§ YOUR INSTRUCTIONS:
For the material below, reproduce exactly each line from the one that has "Mit Megapress hat" through the one that has "Ditengah PPKM Level", and no others; pictures stay out.

RECORDS SUPPLIED: Begin

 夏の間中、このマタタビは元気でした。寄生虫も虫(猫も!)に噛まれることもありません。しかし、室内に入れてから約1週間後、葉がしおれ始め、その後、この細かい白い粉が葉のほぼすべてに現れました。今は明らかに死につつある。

RECORDS SUPPLIED: End
RECORDS SUPPLIED: Begin

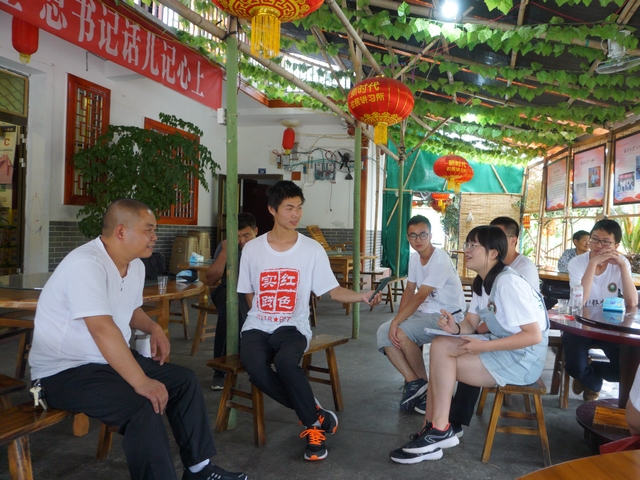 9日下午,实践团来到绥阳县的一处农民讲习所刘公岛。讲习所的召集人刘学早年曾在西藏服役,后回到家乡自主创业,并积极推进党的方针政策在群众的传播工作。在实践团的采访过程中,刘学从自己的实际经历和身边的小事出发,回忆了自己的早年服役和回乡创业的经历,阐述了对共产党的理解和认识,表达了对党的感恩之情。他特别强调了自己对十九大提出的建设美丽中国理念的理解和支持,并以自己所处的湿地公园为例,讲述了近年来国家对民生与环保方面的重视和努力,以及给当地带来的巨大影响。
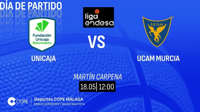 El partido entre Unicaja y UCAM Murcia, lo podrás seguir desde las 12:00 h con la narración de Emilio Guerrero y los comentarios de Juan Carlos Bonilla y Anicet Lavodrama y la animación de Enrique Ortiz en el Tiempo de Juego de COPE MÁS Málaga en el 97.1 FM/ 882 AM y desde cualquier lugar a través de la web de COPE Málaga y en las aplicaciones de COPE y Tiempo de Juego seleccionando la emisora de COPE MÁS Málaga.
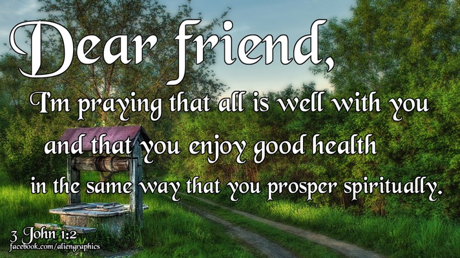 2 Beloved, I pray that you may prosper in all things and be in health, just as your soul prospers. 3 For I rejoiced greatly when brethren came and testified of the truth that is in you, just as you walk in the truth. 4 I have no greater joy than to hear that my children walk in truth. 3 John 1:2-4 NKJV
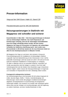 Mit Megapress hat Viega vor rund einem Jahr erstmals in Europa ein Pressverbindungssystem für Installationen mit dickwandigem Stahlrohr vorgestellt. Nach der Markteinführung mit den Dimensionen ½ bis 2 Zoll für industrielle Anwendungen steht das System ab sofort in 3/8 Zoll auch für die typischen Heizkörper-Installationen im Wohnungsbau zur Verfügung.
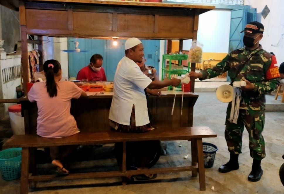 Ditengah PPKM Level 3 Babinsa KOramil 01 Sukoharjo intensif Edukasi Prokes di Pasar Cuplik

RECORDS SUPPLIED: End
RECORDS SUPPLIED: Begin

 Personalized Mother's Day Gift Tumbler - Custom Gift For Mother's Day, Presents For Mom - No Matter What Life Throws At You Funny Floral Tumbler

RECORDS SUPPLIED: End

§ WRITTEN RESPONSE:
 Mit Megapress hat Viega vor rund einem Jahr erstmals in Europa ein Pressverbindungssystem für Installationen mit dickwandigem Stahlrohr vorgestellt. Nach der Markteinführung mit den Dimensionen ½ bis 2 Zoll für industrielle Anwendungen steht das System ab sofort in 3/8 Zoll auch für die typischen Heizkörper-Installationen im Wohnungsbau zur Verfügung.
 Ditengah PPKM Level 3 Babinsa KOramil 01 Sukoharjo intensif Edukasi Prokes di Pasar Cuplik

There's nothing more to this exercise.